- Required action: Reproduce exactly the lines from the start of the records through the line containing "走进这家济州岛的烤肉店 仿佛进入了一个美食天堂 店内氛围让人倍感舒适。", both included. Leave the pictures out.

- Records from a data source:
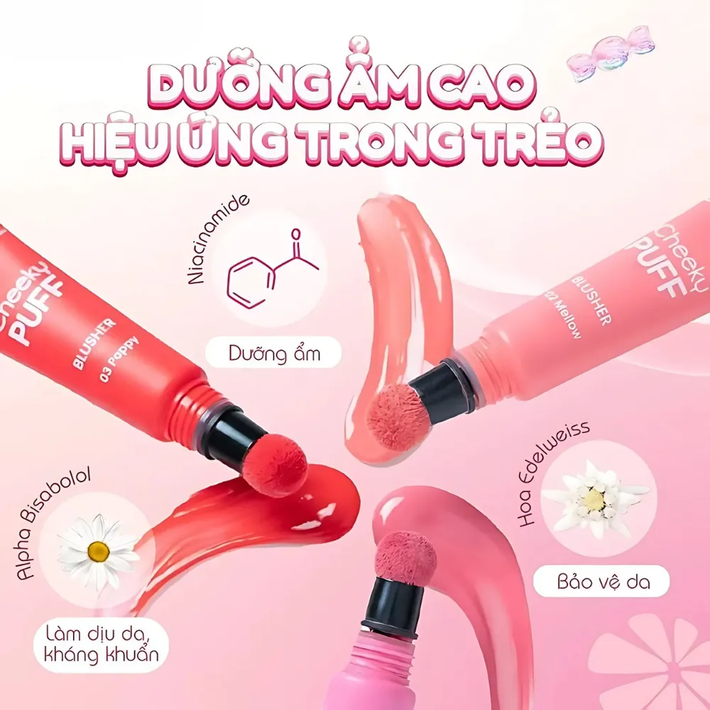 * Má Hồng Kem Silkygirl Cheeky Puff Blusher 6ml gồm 3 màu:
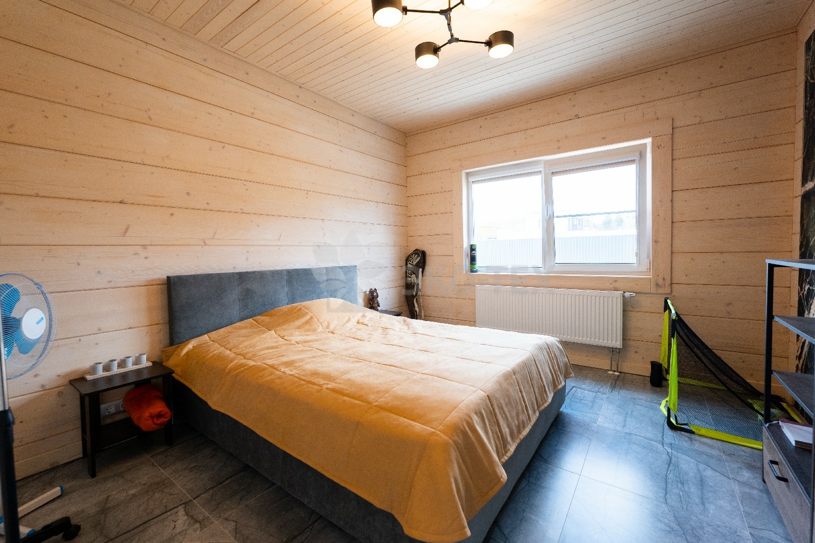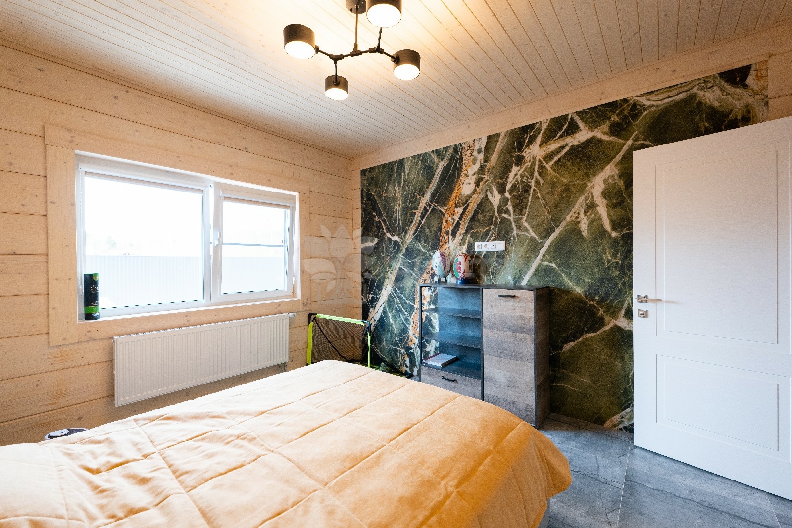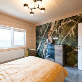 На второй этаж ведёт лестница, состоящая из двух маршей. На этаже расположены три спальни различной площади, в которых можно обустроить гостевые комнаты или комнаты для детей.
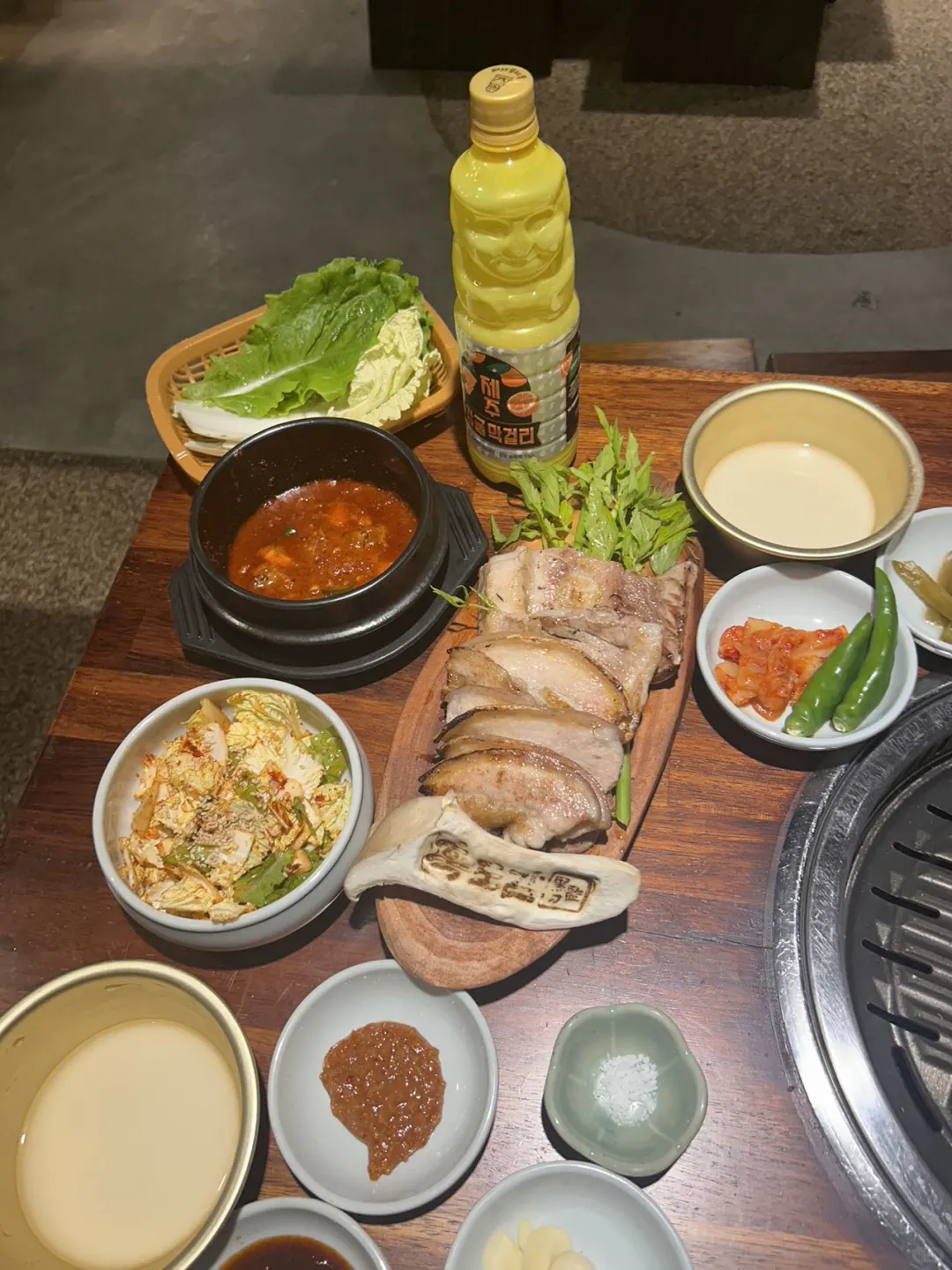 走进这家济州岛的烤肉店 仿佛进入了一个美食天堂 店内氛围让人倍感舒适。 鲜嫩的牛肉、厚实的黑猪五花肉, 每一口 感受食材的新鲜与独特味道👅 烤肉蘸盐 肉质的原生态香味难以忘怀😭 店员态度都很好 👍🏻 还有一点!黑刀盐烤肉店位于新罗免税店附近,比较方便!👍🏻 【黑刀監】 Jeju, Jeju-si, Yeondong 7-gil 20 1st floor
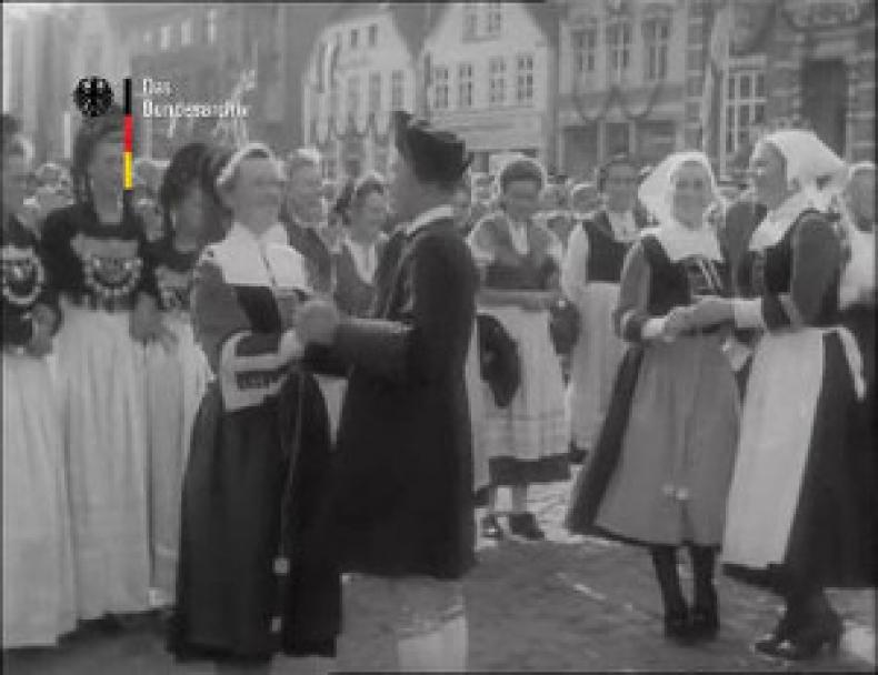 Die Wochenschau setzte Musik unbestreitbar geschickt ein, wie das folgende Beispiel der ersten Beiträge von Ausgabe Nr. 19 der Neuen Deutschen Wochenschau (NDW)4 vom 6. Juni 1950 zeigen soll.5 Nach der typischen Titelmusik und dem Titelbild beginnt der erste Beitrag mit einem Orgelpräludium von Bach. Auch ohne den Zwischentitel „Regensburger Domspatzen“ hätte man erraten können, dass es nun um etwas Geistliches geht: Die Chorknaben, die als ‚engelgleiche Botschafter für Deutschland‘ von einer Tournee durch die Schweiz zurückgekehrt waren, singen im O-Ton vor der mittelalterlichen Fassade des Doms. Der nächste Beitrag wird mit einer Fanfare angekündigt, während die Schrift „Interview der Woche“ als Zwischentitel über dem Motiv der Londoner Tower Bridge zeilenweise erscheint. Der zukünftige britische Hohe Kommissar, Ivone Kirkpatrick, steht zunächst vor einem Fenster, das im Hintergrund eine Bogenfassade aufscheinen lässt (korrespondierend zur Fassade des Doms im vorherigen Sujet). Dann spricht er am Schreibtisch zum Anlass seiner Amtsaufnahme zu seinen „deutschen Freunden“. Den Übergang von diesem eher politischen Teil zum unterhaltsamen Teil bildet ein Beitrag über Rothenburg ob der Tauber. Bereits mit dem Beitragstitel mit der geschwungenen Schrift „Aus einer kleinen Stadt“ setzt die zarte Streicher-Melodie eines „Altniederländischen Tanzes“ ein. Die Musik passt zu den mittelalterlichen Häusern des Stadtpanoramas und einer Schauspielszene zu Ehren des Gastes – des amerikanischen Hohen Kommissars John McCloy. Wie der Kommentar erklärt, hat er im Zweiten Weltkrieg als Artillerie-Kommandeur die Stadt vor der Zerstörung bewahrt. Nun folgt kein Zwischentitel, sondern ein musikalischer wie visueller Schlusspunkt.
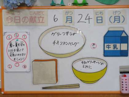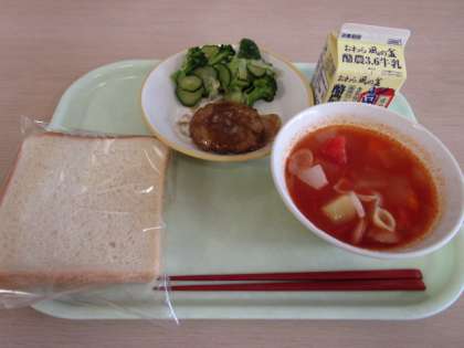 今日の献立は、食パン、牛乳、チキンハンバーグ、グリーンサラダ、野菜とソーセージのトマト煮です。

- Response for this exercise:
 * Má Hồng Kem Silkygirl Cheeky Puff Blusher 6ml gồm 3 màu:
 На второй этаж ведёт лестница, состоящая из двух маршей. На этаже расположены три спальни различной площади, в которых можно обустроить гостевые комнаты или комнаты для детей.
 走进这家济州岛的烤肉店 仿佛进入了一个美食天堂 店内氛围让人倍感舒适。 鲜嫩的牛肉、厚实的黑猪五花肉, 每一口 感受食材的新鲜与独特味道👅 烤肉蘸盐 肉质的原生态香味难以忘怀😭 店员态度都很好 👍🏻 还有一点!黑刀盐烤肉店位于新罗免税店附近,比较方便!👍🏻 【黑刀監】 Jeju, Jeju-si, Yeondong 7-gil 20 1st floor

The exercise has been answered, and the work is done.